Data under study.
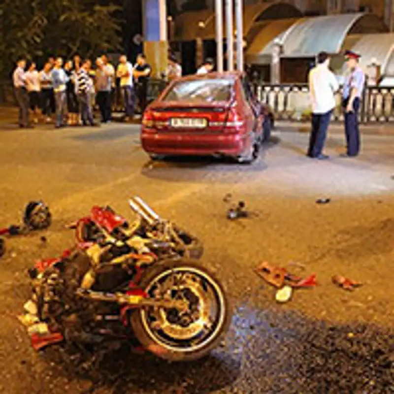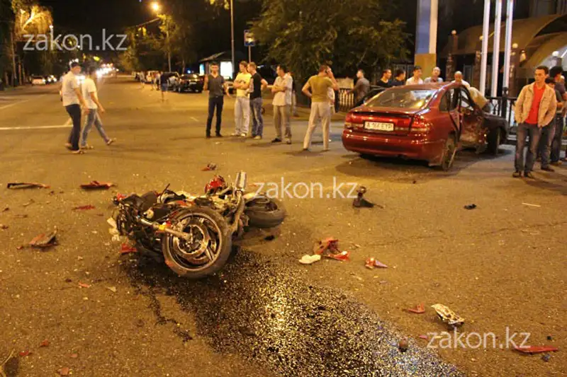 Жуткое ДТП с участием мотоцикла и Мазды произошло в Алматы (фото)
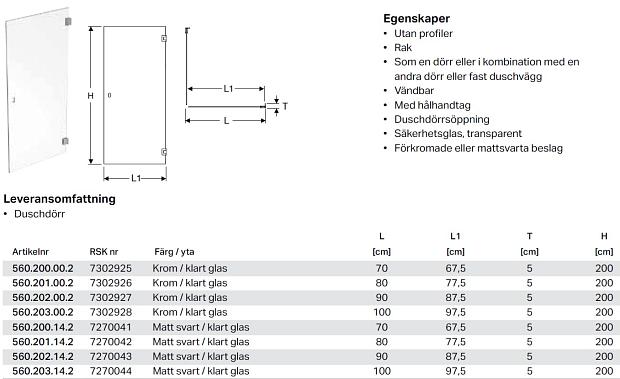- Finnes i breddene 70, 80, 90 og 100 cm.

---

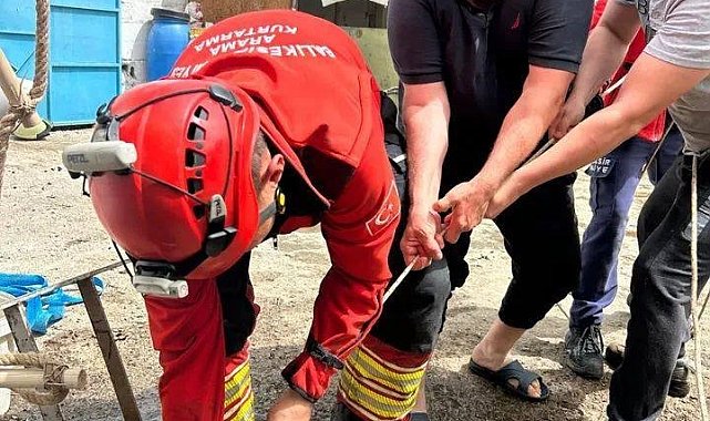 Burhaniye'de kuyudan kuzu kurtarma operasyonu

Task prompt. Copy exactly, without pictures, the lines above from the one with "Жуткое ДТП с" down to the one with "- Finnes i breddene 70, 80, 90 og 100 cm.", inclusive.

Output for this exercise.
 Жуткое ДТП с участием мотоцикла и Мазды произошло в Алматы (фото)
- Finnes i breddene 70, 80, 90 og 100 cm.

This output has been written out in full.